A phishing campaign has been identified that warns of chemical weapon attacks on Ukrainian citizens in an attempt to infect devices with Jester malware. The Computer Emergency Response Team of Ukraine (CERT-UA) has recently issued a security advisory about the mass distribution of these malicious emails targeting Ukrainian citizens.
The emails have the subject line “chemical attack” and warn in Ukrainian that information has been received that indicates chemical weapons will be used at 01:00, and that the authorities are not alerting the public to the threat so as not to cause panic. The emails claim to provide information on where the chemical weapons will be used and provide information on the location of shelters where people will be safe. That information is provided in a document, a link to which is included in the email.
If the hyperlink is clicked, the user will be directed to an XLS spreadsheet hosted on a compromised website. The XLS spreadsheet contains a malicious macro that will run if the document is opened and the content is enabled. The macro delivers an .EXE payload from a remote server and executes that file, which delivers Jester malware.

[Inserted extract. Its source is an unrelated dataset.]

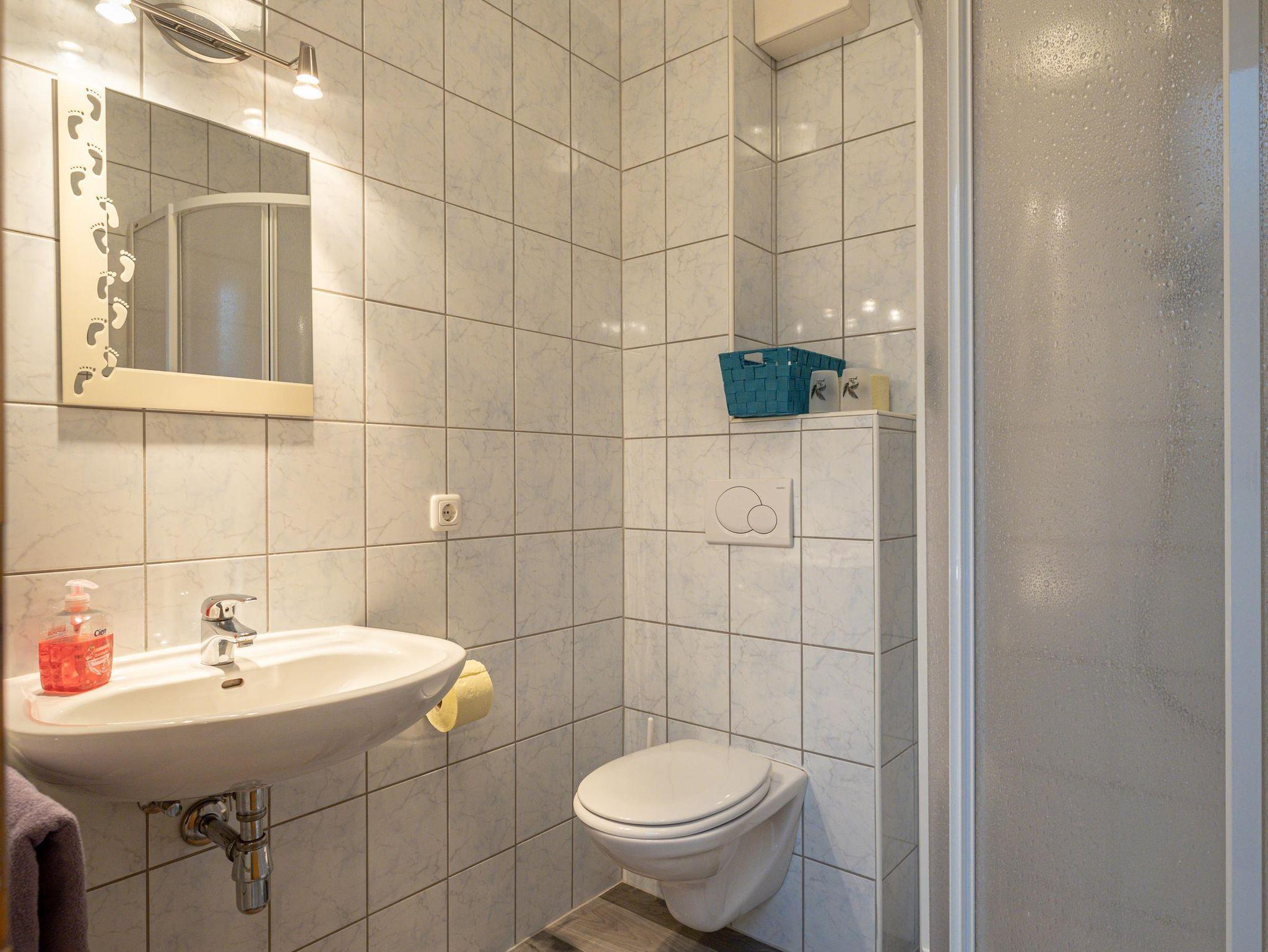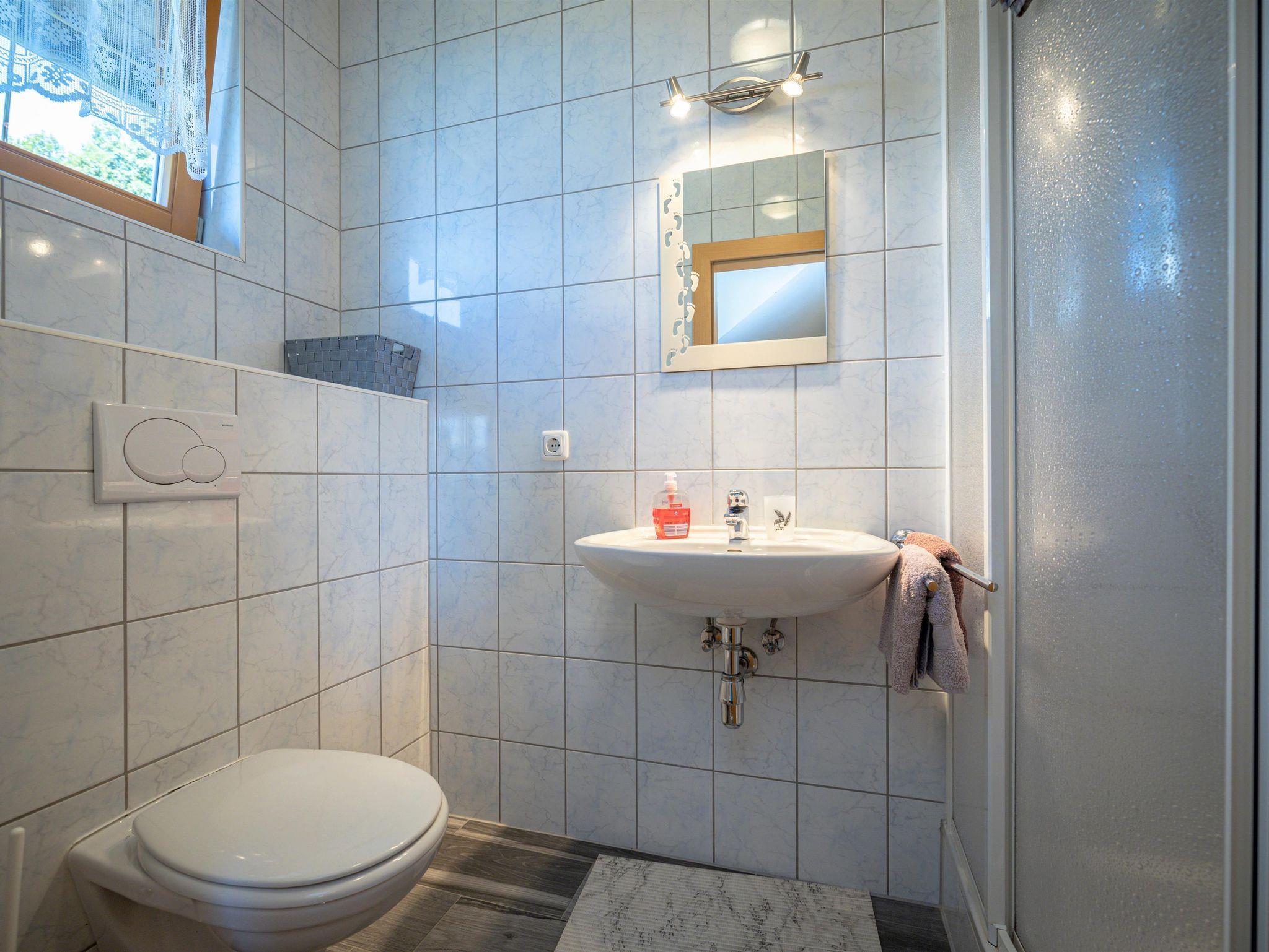 Gemütliches Komfortzimmer mit Dusche/WC, SAT-TV und Ausblick auf den Wald.

Jester malware is an information stealer that was first identified in February 2022. The malware can steal and exfiltrate login credentials, cookies, crypto wallets, passwords stored in browsers, messages in email clients, IM chat data, and other information. The malware uses AES-CBC-256 encryption for communications with its TOR network servers and for transmitting stolen data to private Telegram channels. The malware has anti-analysis features to detect when it is in a sandbox or virtual machine and lacks a mechanism for persistence, so will be removed after its operations have been performed and the program is closed.
CERT-UA has not uncovered evidence about the threat actors behind the campaign, so it is unknown if this is an attack by a pro-Russian hacking group or an opportunistic cybercriminal gang. Since Jester malware is widely available and is licensed at $99 per month or $249 for lifetime use, the campaign is unlikely to have been conducted by a nation-state threat actor.
The phishing emails in this campaign use tried and tested methods to maximize the chance of the emails being opened and the malicious file being executed. There is a clear threat, urgency, and potential for bad consequences if no action is taken. Since the invasion of Ukraine, citizens have been on high alert and have been living with the fear of chemical weapon attacks, so there is a high probability that the emails will be opened.
Regardless of the seriousness of the threat outlined in an email, it is important to continue to follow email security best practices and not to follow links or open email attachments in unsolicited emails.